Brief ▸ Below is a listing with pictures in it; transcribe exactly the lines from the one that has "而且,得益于声纹识别技术,它" through the one that has "Please don't let", and omit those pictures.

Data supplied ▸
---+---

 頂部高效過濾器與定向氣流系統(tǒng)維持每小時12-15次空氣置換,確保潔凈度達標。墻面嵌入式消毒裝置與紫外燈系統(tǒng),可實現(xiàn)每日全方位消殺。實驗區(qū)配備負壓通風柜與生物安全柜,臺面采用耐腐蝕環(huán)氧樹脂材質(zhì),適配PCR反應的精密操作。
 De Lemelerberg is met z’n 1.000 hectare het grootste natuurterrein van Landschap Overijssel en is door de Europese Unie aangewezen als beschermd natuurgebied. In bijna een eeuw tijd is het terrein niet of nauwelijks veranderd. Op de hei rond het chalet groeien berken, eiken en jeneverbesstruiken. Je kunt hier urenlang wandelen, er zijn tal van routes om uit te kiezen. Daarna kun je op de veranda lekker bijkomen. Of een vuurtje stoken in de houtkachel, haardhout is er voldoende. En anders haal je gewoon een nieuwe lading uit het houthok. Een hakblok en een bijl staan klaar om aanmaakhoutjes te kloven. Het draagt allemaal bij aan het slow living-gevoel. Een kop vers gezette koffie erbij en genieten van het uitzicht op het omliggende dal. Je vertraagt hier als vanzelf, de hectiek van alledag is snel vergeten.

---+---

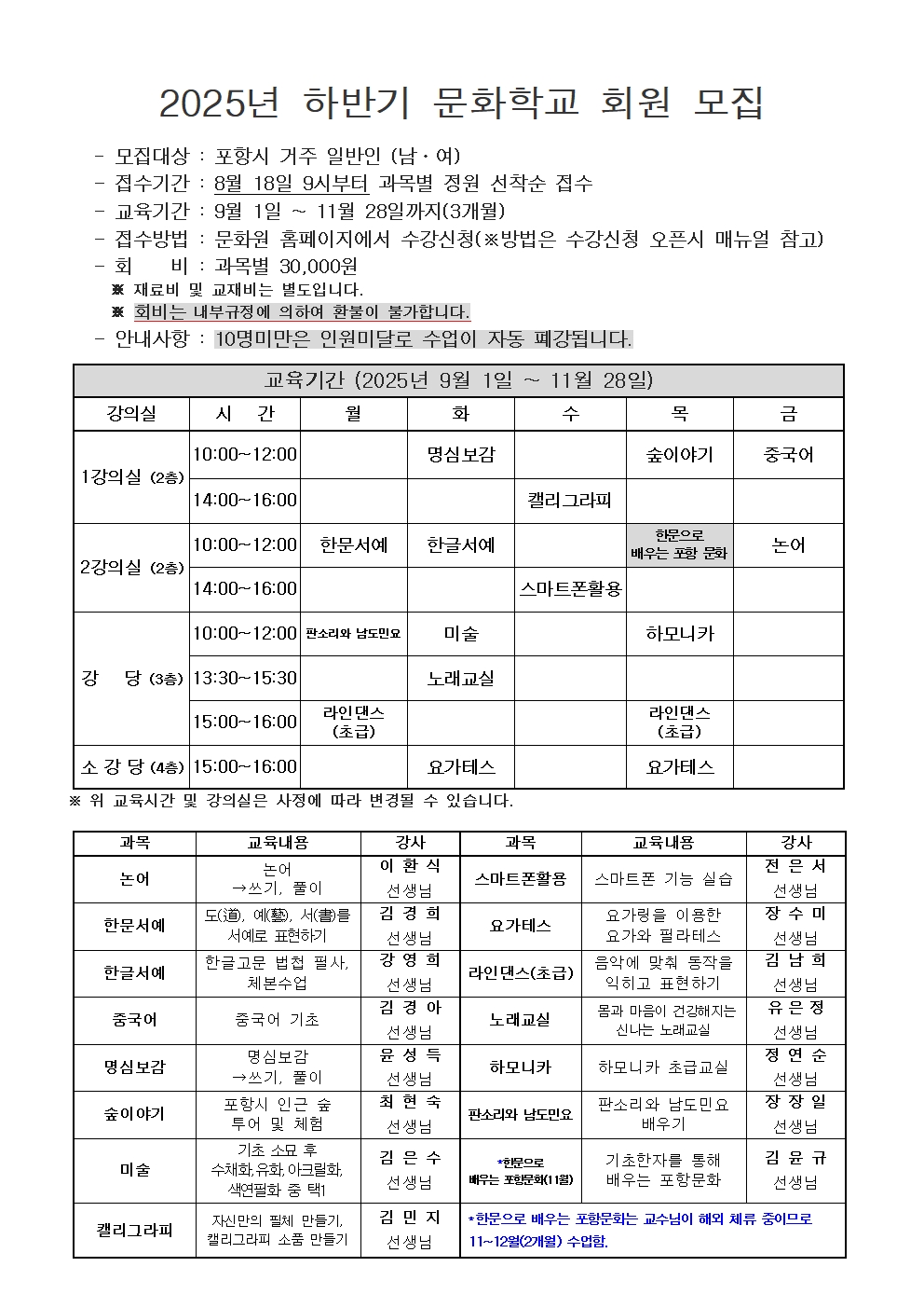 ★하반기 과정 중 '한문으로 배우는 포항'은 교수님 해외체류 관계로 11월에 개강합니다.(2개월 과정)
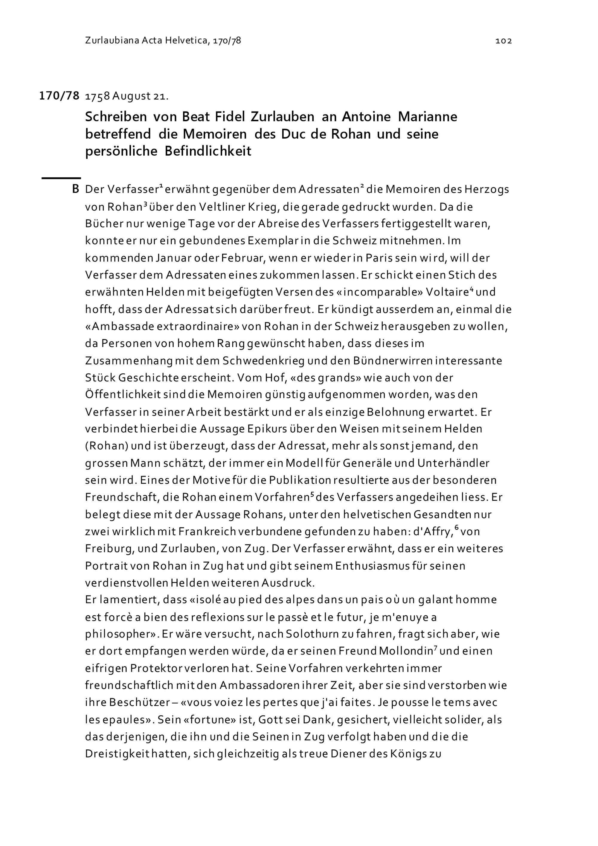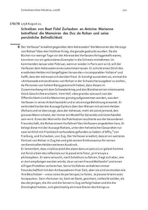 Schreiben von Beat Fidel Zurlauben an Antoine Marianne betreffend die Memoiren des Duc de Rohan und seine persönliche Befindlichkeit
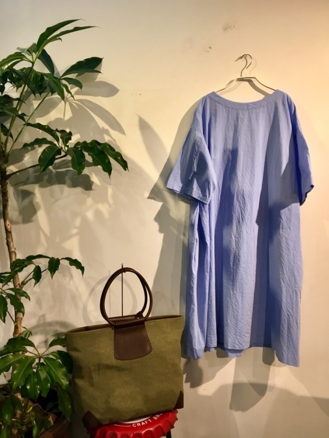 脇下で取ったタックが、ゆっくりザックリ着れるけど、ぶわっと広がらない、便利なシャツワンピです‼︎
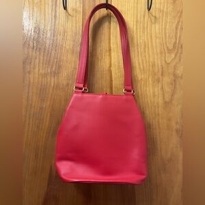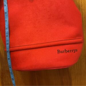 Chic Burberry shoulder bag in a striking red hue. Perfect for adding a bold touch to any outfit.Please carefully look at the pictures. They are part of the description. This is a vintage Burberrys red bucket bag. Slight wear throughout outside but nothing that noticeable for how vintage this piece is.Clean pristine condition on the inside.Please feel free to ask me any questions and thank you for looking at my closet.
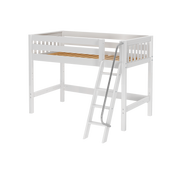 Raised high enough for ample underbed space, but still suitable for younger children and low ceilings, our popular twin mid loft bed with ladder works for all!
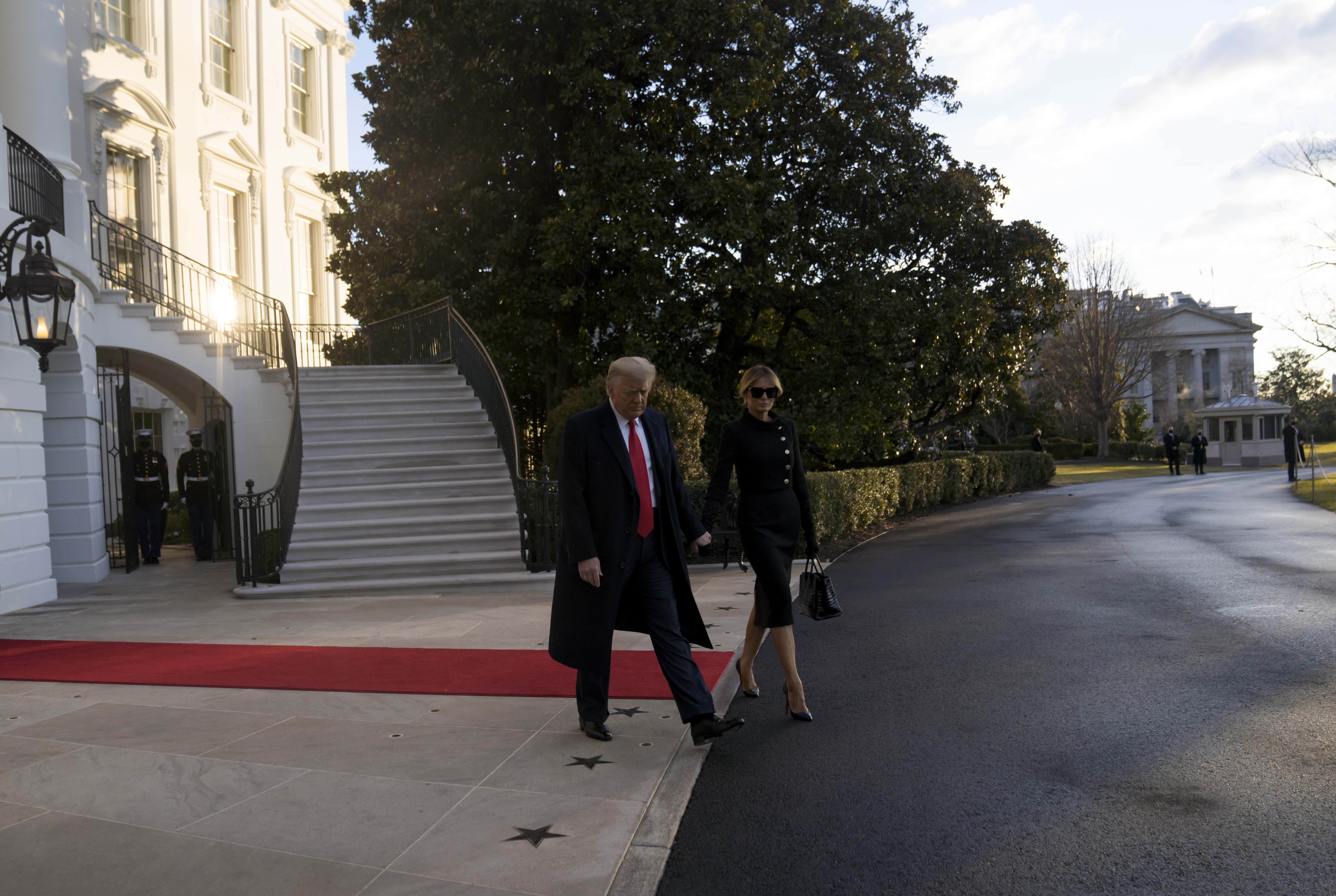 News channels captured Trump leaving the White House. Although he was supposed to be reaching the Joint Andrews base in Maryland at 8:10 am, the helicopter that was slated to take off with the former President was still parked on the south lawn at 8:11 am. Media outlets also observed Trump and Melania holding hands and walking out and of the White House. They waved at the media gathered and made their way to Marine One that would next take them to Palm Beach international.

---+---

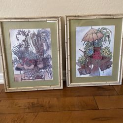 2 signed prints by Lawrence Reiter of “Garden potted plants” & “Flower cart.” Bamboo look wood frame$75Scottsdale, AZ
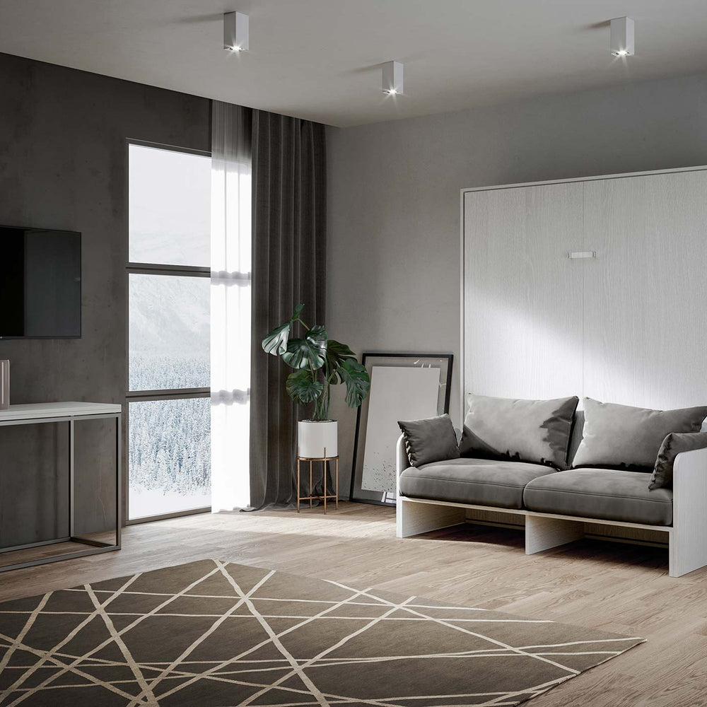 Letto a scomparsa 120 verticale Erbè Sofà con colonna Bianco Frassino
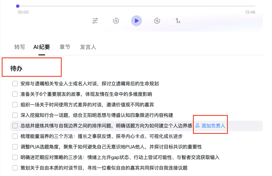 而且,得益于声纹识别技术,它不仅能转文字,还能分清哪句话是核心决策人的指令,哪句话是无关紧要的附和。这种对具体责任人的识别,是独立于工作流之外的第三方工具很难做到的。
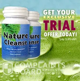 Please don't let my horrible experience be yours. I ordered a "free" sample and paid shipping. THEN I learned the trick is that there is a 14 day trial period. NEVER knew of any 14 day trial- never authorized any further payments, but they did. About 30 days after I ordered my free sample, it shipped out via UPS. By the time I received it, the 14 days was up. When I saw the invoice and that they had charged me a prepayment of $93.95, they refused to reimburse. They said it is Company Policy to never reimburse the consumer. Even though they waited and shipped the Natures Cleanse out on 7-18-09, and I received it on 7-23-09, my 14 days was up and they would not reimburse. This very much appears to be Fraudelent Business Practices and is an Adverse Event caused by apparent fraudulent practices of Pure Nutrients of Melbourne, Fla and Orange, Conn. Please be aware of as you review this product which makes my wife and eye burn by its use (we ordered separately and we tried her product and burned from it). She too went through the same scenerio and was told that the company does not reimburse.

---+---

Result of the task ▸
 而且,得益于声纹识别技术,它不仅能转文字,还能分清哪句话是核心决策人的指令,哪句话是无关紧要的附和。这种对具体责任人的识别,是独立于工作流之外的第三方工具很难做到的。
 Please don't let my horrible experience be yours. I ordered a "free" sample and paid shipping. THEN I learned the trick is that there is a 14 day trial period. NEVER knew of any 14 day trial- never authorized any further payments, but they did. About 30 days after I ordered my free sample, it shipped out via UPS. By the time I received it, the 14 days was up. When I saw the invoice and that they had charged me a prepayment of $93.95, they refused to reimburse. They said it is Company Policy to never reimburse the consumer. Even though they waited and shipped the Natures Cleanse out on 7-18-09, and I received it on 7-23-09, my 14 days was up and they would not reimburse. This very much appears to be Fraudelent Business Practices and is an Adverse Event caused by apparent fraudulent practices of Pure Nutrients of Melbourne, Fla and Orange, Conn. Please be aware of as you review this product which makes my wife and eye burn by its use (we ordered separately and we tried her product and burned from it). She too went through the same scenerio and was told that the company does not reimburse.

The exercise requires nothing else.